In the era of the smartphone, an electronic calculator may seem a bit old-hat. But they continue to hold a fascination in our community, both when used for their original purpose, and as objects for hardware hacking in their own right. After their first few years when they were a rare and exclusive gadget, they were manufactured in such huge numbers as to be readily available for the curious hacker. [Suikan] has taken one of these plentiful models and done something special for it, creating a new mainboard, and a firmware which transforms it into a reverse Polish, or RPN, scientific calculator.
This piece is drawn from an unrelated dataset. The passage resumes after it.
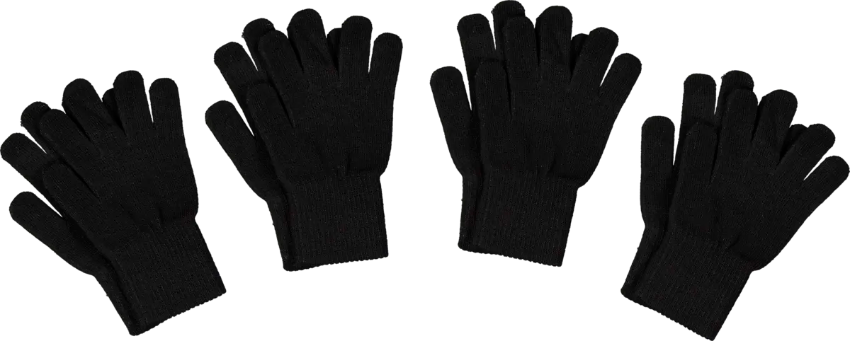 ● Перчатки ● Младший размер, один размер ● Удобная посадка ● 4 упаковки ● Адаптируется к рукам ● 95% акрил и 5% эластан. Цвета: Черный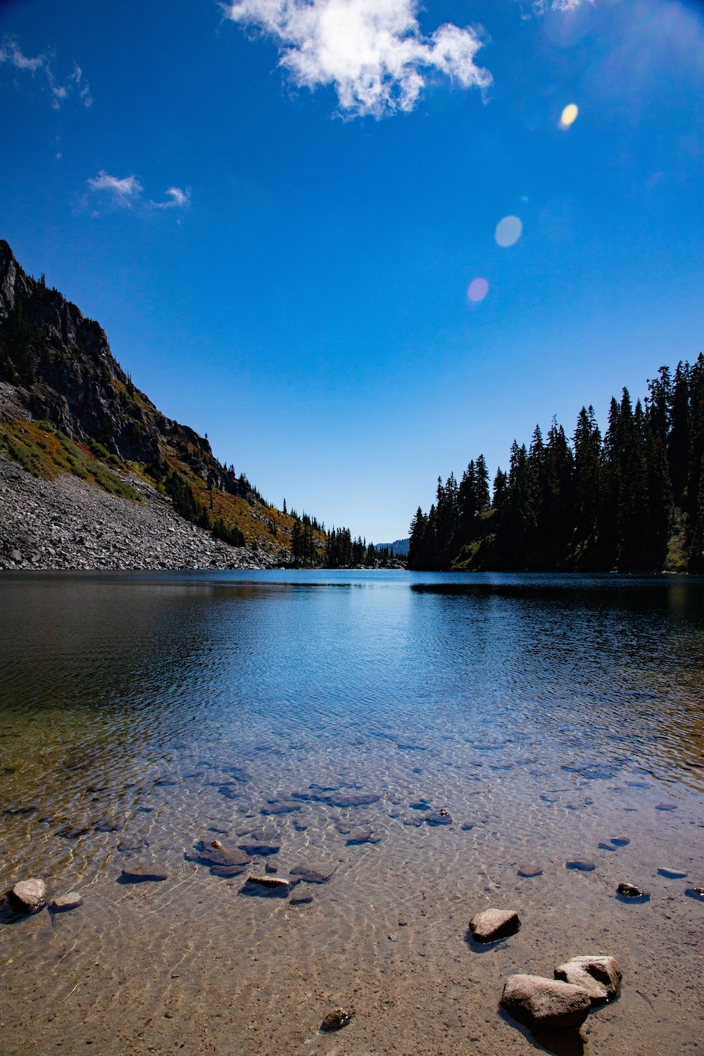 The trail climbs up and over a ridge that gives you a wonderful view down into the lake. It was truly amazing. There weren’t too many people when we showed up, so we found a nice spot down on the beach and set up for some fishing. Susanne tried for awhile and got squat. I changed rigs and tried for awhile and got equivalent squat. I stood there for awhile looking to see if I could see any fish. Nothing.

The Sharp EL210 and EL215 were ubiquitous early-1980s calculators without scientific functions, and with a VFD display. We remember them being common during our schooldays, and they and similar models can still be found on a trawl through thrift stores.
On the board is one of the STM32 microcontrollers and a Maxim VFD driver, and fitting it is simply a case of soldering the Sharp’s VFD to it, placing it in the calculator, and attaching the keyboard. The firmware meanwhile uses the orange C key from the original calculator as a function key, alternating between standard and scientific operations.
If you’re curious about RPN, we’ve taken a look at it here in the past.
I still use pocket calculators (I have 2 simple Casio FX-82MS) everyday as they provide a much better haptic feedback than a phone and are quicker than firing up a spreadsheet.
I have 2 TI Programmer calculators. Maybe a nice idea to hack one into an RPN calculator. Just that the keyboards are so horribly clicky. It might annoy the hell out of my colleagues. :P
Beautiful! I love brain transplant projects :)
Nice!!
I have several RPN HP calculators handy. Favorites are still the HP-15C and HP-16C. Even installed and use the HP-15C simulator application that is always on my Linux desktops. Of yeah, the HP-12C is our goto house calculator (sits on kitchen counter). So ‘old hat’ ? … Not around here :) .
Reverse Polish? Ynbargz!
Love RPN! Very nice project.
Looks great, i still prefer a pocket calculator over a smartphone app.